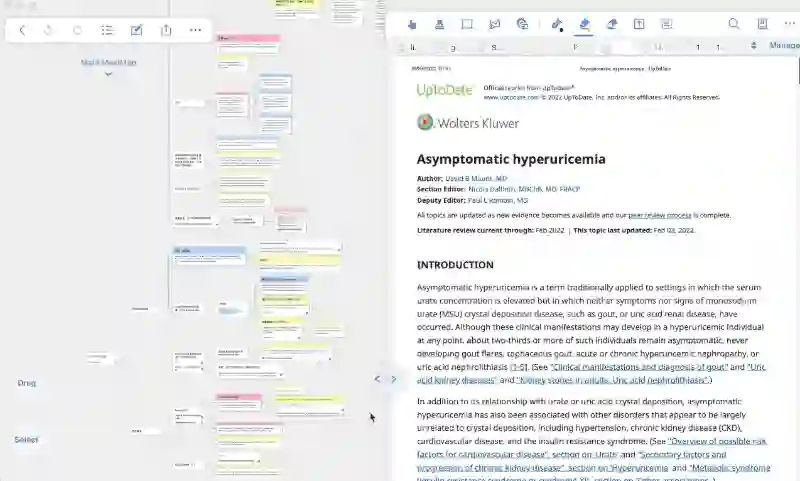把这两部分分别拎出来看,思维导图 App 和 PDF 阅读器里有的基础功能,这里面都有。但让 MarginNote 区别于其他软件的,就是「文档中高亮的部分可以自动加入思维导图中」——这个功能简直是为我写作流程中「收集信息」和「整理结构」这两步量身定做的。
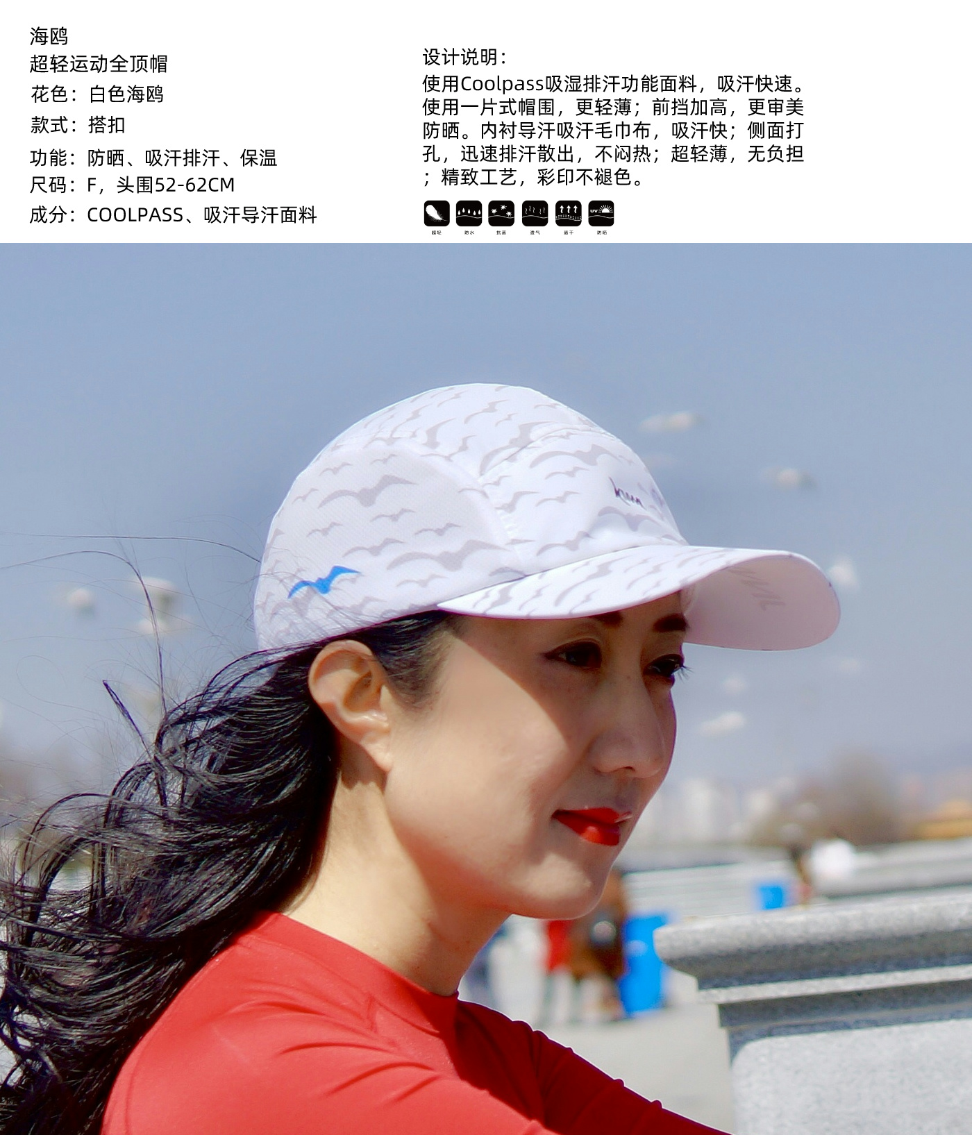 轻翼海鸥超轻防晒透气吸汗排汗运动马拉松越野跑步全顶帽
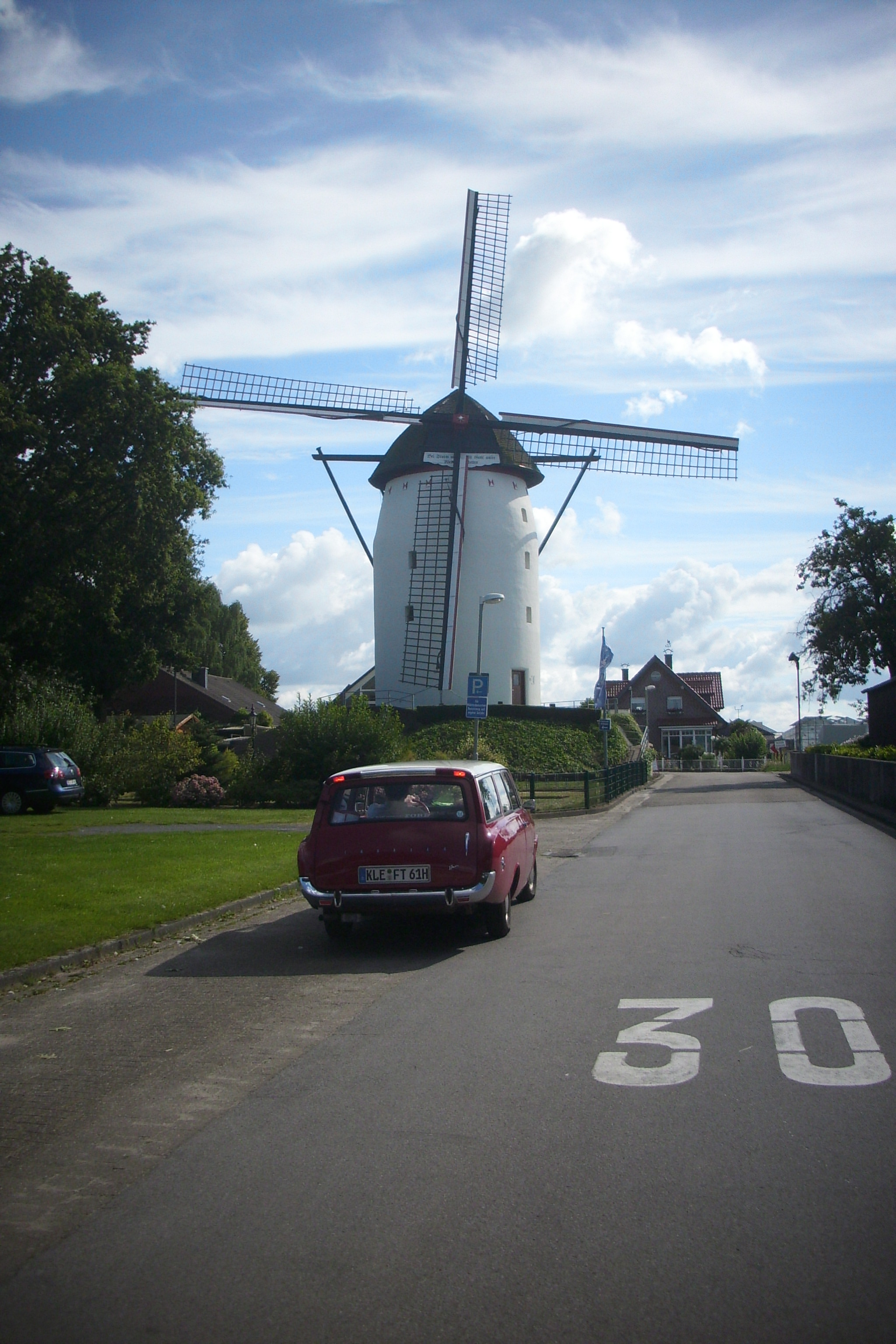 Über 50-Jähriger Ford neben ältesterer über 500-Jähriger noch funktionsfähiger Windmühle am Niederrhein
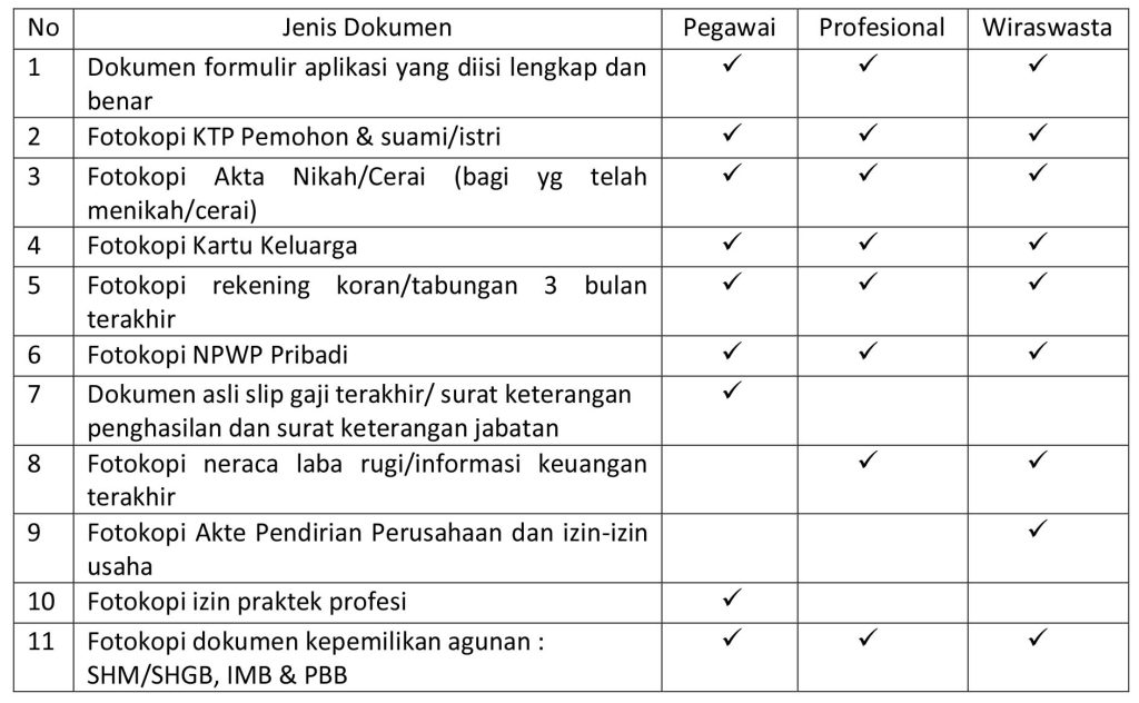Memiliki pekerjaan dan penghasilan tetap, dengan masa kerja/usaha minimal 1 (satu) tahun (pegawai) atau 2 (dua) tahun (profesional/wiraswasta)

▶ _Required action_
Leaving out every picture, extract verbatim the lines from the one containing "Über 50-Jähriger Ford" through the last line of the listing, inclusive.

▶ _Response to the task_
 Über 50-Jähriger Ford neben ältesterer über 500-Jähriger noch funktionsfähiger Windmühle am Niederrhein
Memiliki pekerjaan dan penghasilan tetap, dengan masa kerja/usaha minimal 1 (satu) tahun (pegawai) atau 2 (dua) tahun (profesional/wiraswasta)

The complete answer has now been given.